Diabetes research in India hasn’t quite kept pace with the epidemic proportions the disease has assumed. But efforts are on to look for alternatives to the insulin injection.

Last year in March, when 11-year-old Shreya Dutt fell ill, her parents thought it was the routine viral fever. A week later, the fever subsided but the child continued to lose weight alarmingly. She stopped going out to play, was always extremely thirsty and hungry, urinated more frequently and appeared tired all the time. A round of tests confirmed that the viral fever had triggered diabetes. The symptoms had appeared suddenly and had manifested themselves as quickly. Shreya, doctors said, suffered from Type 1 diabetes in which the pancreas fail to produce insulin, the hormone needed to convert sugar into energy.

 

For over a year now, a much thinner Shreya has been getting insulin injections twice a day to help maintain her blood sugar level. Her parents know that she will have to learn to live with this chronic condition. They also realise that with regular medication, exercise and diet modification she can lead as healthy and normal a life as anybody else.

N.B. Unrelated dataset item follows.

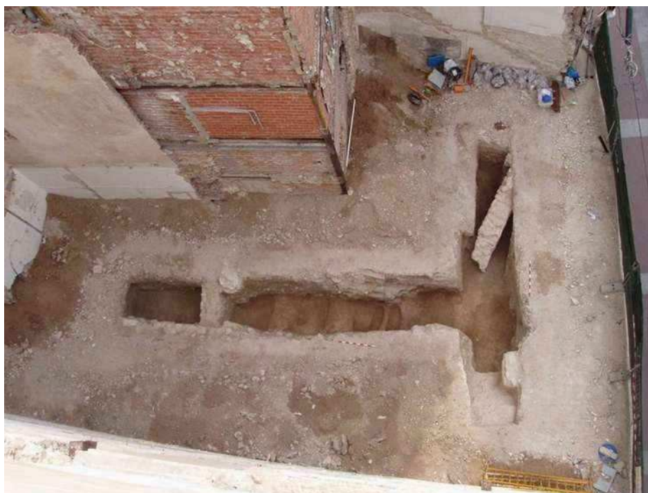
Vista general de los sondeos arqueológicos

There are enough examples in the world to prove that — actor Halle Berry, king of Rock ’n’ Roll Elvis Presley, talk show host Larry King, Olympic athlete Gary Hall, all have suffered from diabetes. Closer home, actor Kamal Hassan, VJ-turned-actor Gaurav Kapoor, Leader of the Opposition in Lok Sabha Sushma Swaraj and former Pakistani cricketer Wasim Akram are diabetic. But every time their daughter is pricked with the needle to inject insulin into her body, the Dutts cringe. “For the last one year, I have been looking for an alternative way, other than the injection, to give the medicine to my daughter,” says Jawahar Dutt, Shreya’s father. “She’s dealing with it fine, but I wish there was a tablet she could pop or a spray she could inhale instead of taking the injection.”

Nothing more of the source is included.